The robust concentration-dependent behavior of recombinant Trm14 in catalyzing methylation of tRNACys provides substantial confidence that this activity is physiologically relevant. The data also suggest that Trm14 may function as a single-turnover catalyst in vivo. This is consistent with the notion that tRNA structure in hyperthermophiles may be stabilized by protein binding: the relatively high intracellular Trm14 concentrations that may be needed for tRNA methylation may also serve to protect the molecule from thermal denaturation (25). However, an alternative rationale for the very weak activity of Trm14 under steady-state conditions is that another factor or condition present in vivo might be missing in these in vitro experiments. For example, the archease protein from the hyperthermophile Pyrococcus abyssi increases the substrate specificity of a tRNA m5C methyltransferase (45); a homolog of this protein exists in the M. jannaschii genome. Comparable time courses for SAM-dependent methyl group incorporation were reported for G26 and G10 formation by Pyrococcus horikoshii Trm1 and P. abyssi Trm11, respectively (14,46).
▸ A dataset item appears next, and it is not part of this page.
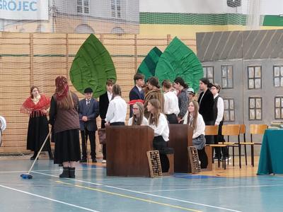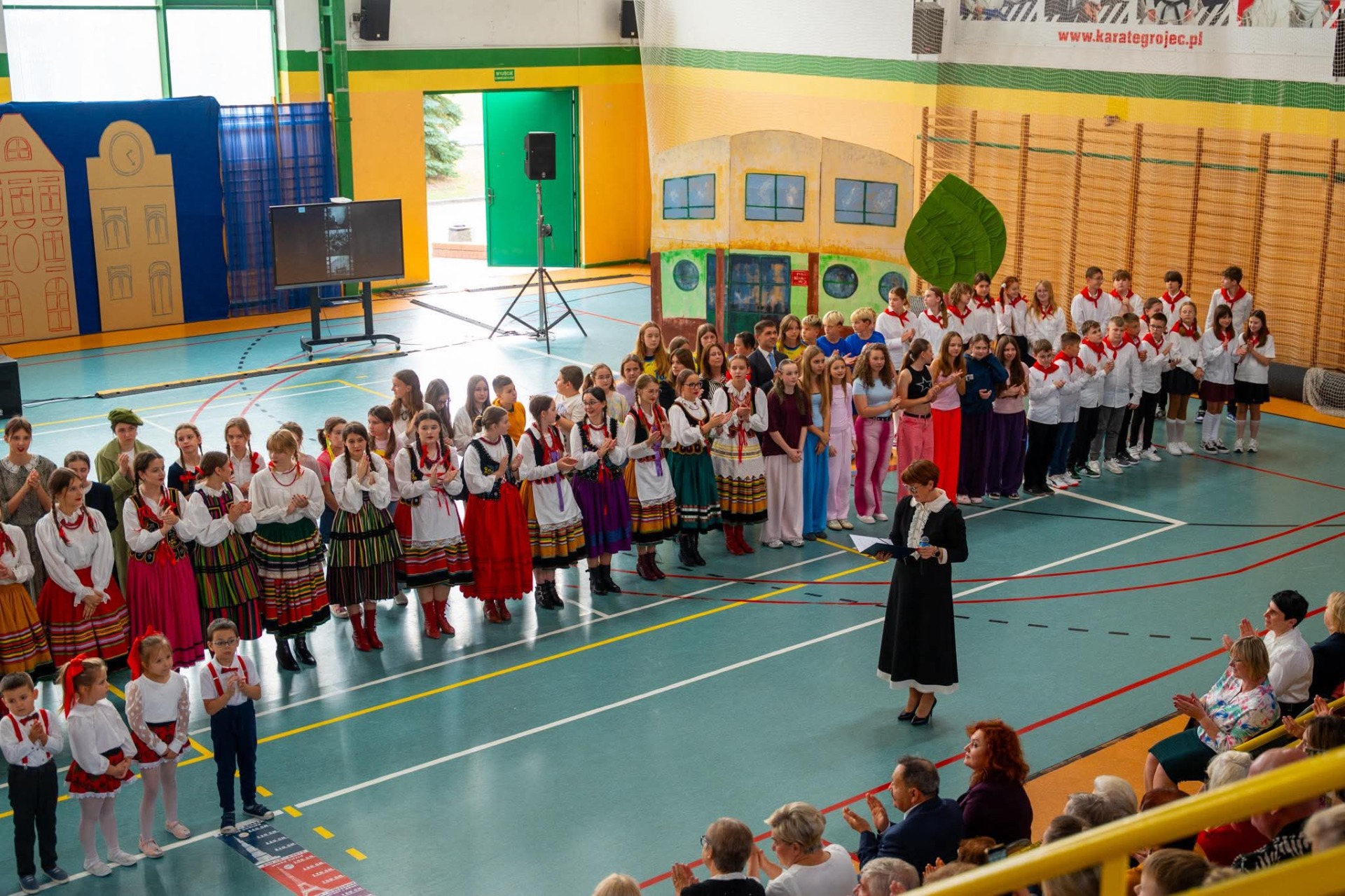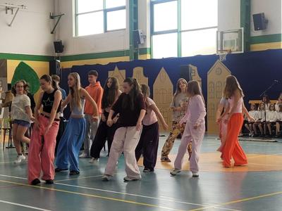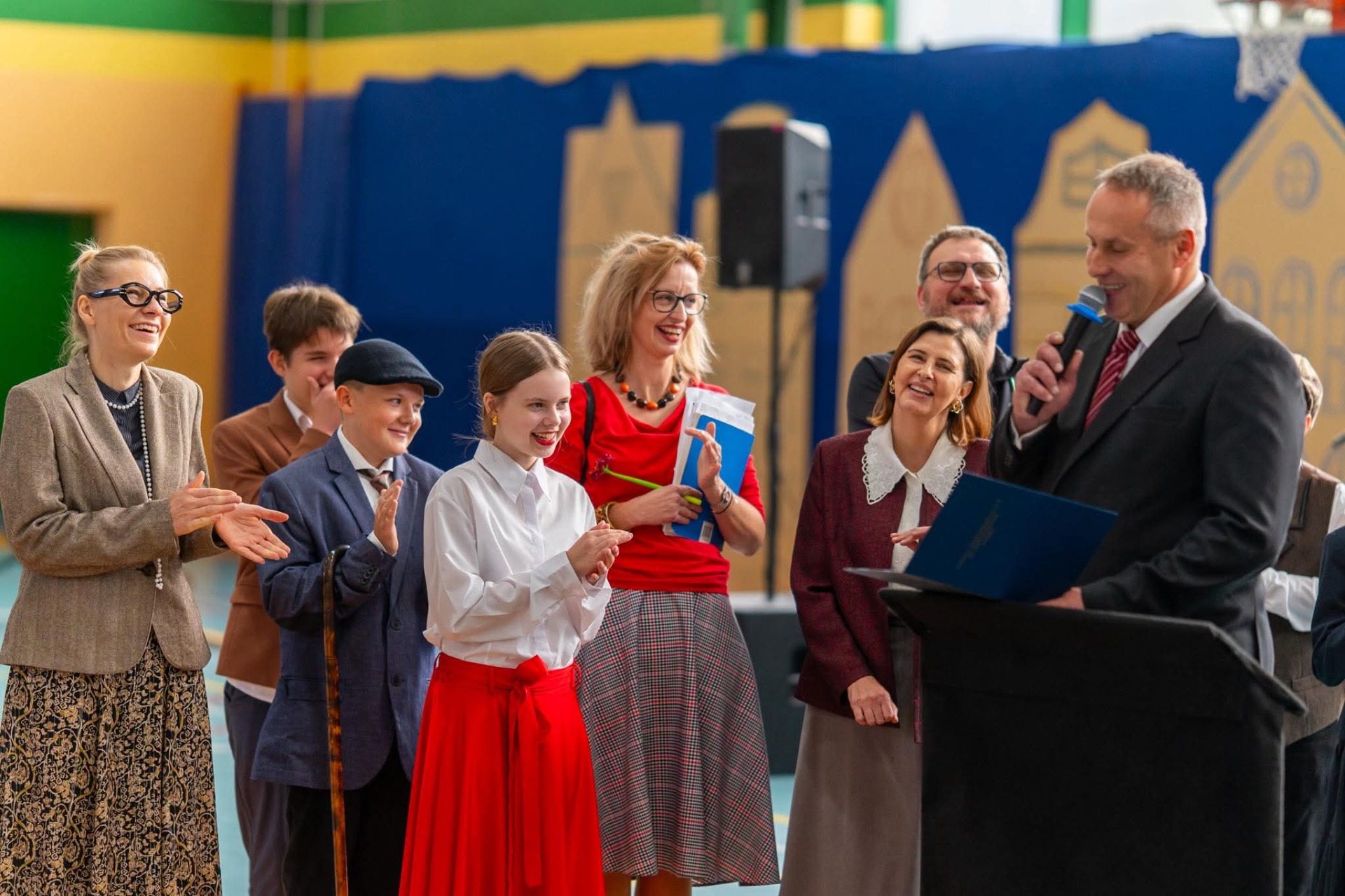 można było zobaczyć blisko kilkuset aktorów, statystów, tancerzy, sportowców oraz chór szkolny, zgromadzeni goście oraz cała Dwójkowa społeczność zostali zaproszeni do niezwykłej podróży w czasie — pełnej wzruszeń, śmiechu i refleksji nad tym, jak bardzo zmieniała się nasza szkoła, a jednocześnie jak wierna pozostawała swoim wartościom.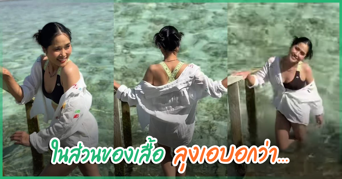 โดยไม่เพียงแค่ภาพนิ่ง แต่ยังลงคลิปมาให้ชมอีกชอต กับภาพตรงบันไดลงทะเล พร้อมใส่แคปชั่น "เมื่อวานภาพนิ่ง วันนี้ภาพเคลื่อนค่ะ ในส่วนของเสื้อนั้น... ลุงเอบอกว่า ไม่ต้องถอดออก เอาแค่พอน่ารัก...ไม่ต้องควักอะไร ออกมามากมายค่ะ"

Trm14 is a novel m2G6 tRNA methylase

We employed a combination of LC–MS/MS analysis and two-dimensional thin-layer chromatography (2D-TLC) to identify the product of methyl transfer by Trm14. Methylated and unmethylated tRNACys transcripts were first digested to nucleosides with RNase P1, snake venom phosphodiesterase and Antarctic phosphatase, and the resulting mixture was separated and analyzed by LC–MS. Splitting the flow from the high pressure liquid chromatograph (HPLC) into a UV monitor and mass spectrometer allowed monitoring of elution time together with the mass spectra of the peaks (35). Nine UV-absorbing peaks were identified from the methylated tRNA (Figure 3A): the four standard nucleosides of RNA and DNA, together with one modified nucleoside. The modified nucleoside eluted at 26.07 min with a molecular mass of 297 Da ([M + H]+ m/z 298). No other species at this m/z were detected in the chromatogram (Figure 3B). The selected ion chromatogram (SIC) of the modified base ion, m/z 166 () was also recorded (Figure 3C). The mass difference of 132 u between the molecular ion and base ion is consistent with location of the modification on the base and not the ribose of the nucleoside. These m/z values and the elution time best match a methylated guanosine with an expected m/z of 298 for the nucleoside and 166 for the base. Either m1G or m2G match the elution time within the experimental precision of the measurements.

Figure 3.

LC–MS analysis of the nucleosides contained in M. jannaschii tRNACys after reaction with Trm14. (A) UV chromatogram of the nucleosides contained in the Trm14-reacted tRNA. The numbers found in this chromatogram designate the nucleosides: 1-C, 2-U, 3-dC, 4-G, 5-dT, 6-dG, 7-A, 8-dA and asterisks (a modified nucleoside later identified as m2G). (B) SIC of the nucleoside ion (MH+ m/z 298) found to elute as the same time as the modified nucleoside asterisks at 26.07 min. (C) SIC of the base ion ( m/z 166) that is found at the same elution time as the molecular ion found in B.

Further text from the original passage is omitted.